I still have days in which I feel as if I practically didn’t even meditate. The whole exercise is just a rolling cascade of thoughts: I think I feel congested; I need to wash my pajamas; What should I do tonight after work??? And there have been two or three times, but still, that felt almost magical in a way that is hard to describe. Most of the time I meditate for 10-15 minutes during the week, and a little more on the weekends. When I am in a huge hurry, like for a 7 am meeting, I might meditate for just a few minutes. I have even done one-minute meditation on occasion when I didn’t really have time to meditate. Because I never DON”T meditate. Every day is a day for meditation. That’s what works for me.

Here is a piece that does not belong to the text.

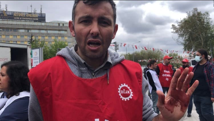 Alana giriş yapan Enerji-Sen Üyesi Mehmet Alî İçindere, polisler tarafından kafasına telsizle vurularak darp edildi.

Besides, even just a single minute of meditation every day would add up to 6 hours of meditation in a year. And that is really something.

One other thought i want to share is that I have, with time, noticed that sometimes the things that continue to distract me most actually provide a solution to a problem, or insight into an issue that may have been bothering me, but of which I was not previously aware. That is not the purpose of meditation, but it is an observation. And a benefit.

I believe that I started meditating sometime around January 2016, which means that I have been doing this for just over 6 years now. I invite you to try if you are so inclined. There is no right or wrong way to meditate. Just breathe. And when you find that you have strayed from the breath, you can just return to it.

 

6 thoughts on “Meditation is My Happy Place

  1. This is one of the best things I’ve ever read about meditation. So relatable, witty, and wise. Thank you for writing it.


  2. Oh my gosh your beginnings sound just like mine and I just gave up thinking I just was no good at this! You have encouraged me to give it another try. 1 minute, I can do anything for 1 minute right?
    Thank you!
    Donna



  3. Thanks for this clear, real life description, Roxanne. This has been very similar to my experience with meditation, and the experience of my friends who say “I can’t meditate”. You’ve reinforced the fact that anyone can meditate, if they are willing to try. If you try, even for one minute, you’ve meditated! I have found that the joy of living comes through daily, on those days when I manage to strike a balance between being a “human doing” and a “human being”.